Calico, felt, slate
H. 11 x w. 30 x d. 22 cm
About Caroline Burgess
"I am a textile artist based in North London. I specialised in textiles on my art foundation course at the City Literary Institute in London and recently completed the Advance Textiles Diploma there. My love of textiles started at an early age as my mother made all our clothes and I was surrounded by swathes of fabric and beautiful reels of thread. I have a particularly strong memory of a scrap of teal coloured velvet which my mother had saved from her own favourite childhood dress."
"Texture is an essential feature of my sculptural practice. My childhood in the Kent countryside and summers spent on beaches in Cornwall have inspired my sculptures. From the undulating lines drawn in the sand by the ebbing tide to the crisp folds of the leaf of the hornbeam as it unfurls in early spring, I attempt to capture the beauty of the irregularity of these natural patterns. I use the traditional shibori pole wrapping technique to create my textured fabric which is steamed to fix the creases. The most exciting part comes when I remove the fabric from the pole after steaming to reveal how the textures have taken and then can consider how the piece, working with and against the natural will of the fabric, can be shaped into a sculpture."

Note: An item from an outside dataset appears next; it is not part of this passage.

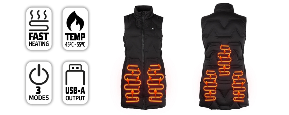 Dámská vyhřívaná vesta inSPORTline WARMelong s prodlouženým střihem a její rafinovaná vyhřívací technologie Active Heat Core System Vás udrží v teple i v tom nejchladnějším počasí. Vyhřívání obstarávají speciální karbonová vlákna, která jsou umístěna v oblasti břicha, beder a střední části páteře. Krom rovnoměrného rozprostření tepla mají díky vyzařování infračervených paprsků také blahodárné účinky na správnou funkci krevního oběhu.

"My colour palette is limited to monochrome as the play of light on the textured surface forms a vital part of the final sculpture. The crisp shadows cast by the folds of a sculpted piece of cotton organdie for me are sublime. I want to recreate that feeling of lightness and vitality that I get when walking along a deserted beach in the winter sunlight; that sense of beauty that transcends all the mundanity of everyday life. I capture and exploit the subtle imperfections in texture that emerge through the wrapping process. It is these irregularities in the folds that form the essence of my sculptural work."
Caroline Burgess completed her Advance Textiles Diploma at City Lit, London, in 2022. Her work quickly received much attention from an international group of curators including her work in online features as well as through exhibitions including our open submission exhibition 'The Wild Collective' at OmVed Gardens, 2022. In 2023, her work was exhibited in the London Group Open, Wales Contemporary, 'Piece by Piece' at City Lit Insitute, the Royal West of England Academy and the Royal Academy Summer Exhibition. Her work is held in many private collections.
What has been your biggest achievement in your artistic career so far?
C: Being selected for the RA Summer Exhibition this year (2023) has to be the biggest achievement of my artistic career. It was such an excitement being part of Varnishing Day. To have my delicate sculpture sold, and then viewed by so many in that beautiful space was just wonderful.
Tell us more about your recent series, when did you begin this and how has it developed?
C: My most recent series is my Calico Collection. The three works in the Winter Online Exhibition are part of this series. I started this collection at the end of last year with ‘Stillness’, the three cylinders on show here.
My earlier sculptures are made from cotton organdie, a very fine and delicate material, which can hold small forms beautifully. I wanted to make larger pieces so started experimenting with calico and was delighted with how the calico held the cylindrical form. This first success led me to develop larger pieces like ‘Serenity’ which involve more complexity of structure allowing the light to play on the textured surface and create exactly what I am striving for in terms of the balance of light and deep shadow.
I aim for the work to emanate both strength and fragility and the calico appears to do just that. The seeming solidity of the calico sculptures lead many to think that ‘Stillness’ and others are ceramic which adds to the appeal.
How do you decide when a form works? What are you looking for in a final piece?
C: I absolutely love developing the form of the sculpture. Part of my sculptural process involves steaming the fabric to create the texture and this results in the piece having some natural curves and form of its own. I can’t wait to see which way the calico wants to take me and at the same time discover what I can persuade it to do.
I am looking for a strong and yet fragile form with clear curves in the main structure whilst having sufficient variation in surface to enable the light to animate the whole piece. So how do I decide when a form has worked? After a few hours or maybe days of experimentation I will settle on a form which seems to fulfil these criteria. I will place the piece in a prominent position on my desk and will view the work over the course of several days, changing viewpoints, sometimes making adjustments, sometimes not, undoing changes then maybe putting them back again, taking photos until I am finally happy with the overall form and commit to stitching the sculpture into place.
Some pieces of course never make the final cut. A subtle difference in the way I created the texture in the fabric may result in a partial surface area that does not respond in a pleasing way to the light. Or a curve in the structure refuses to maintain its form in the way I desire. This is the challenge of the process which gives so much satisfaction when everything settles into that elusive near perfect form.
Do you listen to anything whilst you work?
C: It has to be the songs of Leonard Cohen or the music from the film ‘The Broken Circle Breakdown’ - a heartbreakingly sad film. Nothing else will do. Whilst there’s a melancholy undertone all the songs are mellow and gentle allowing me to become fully absorbed in the sculptural process.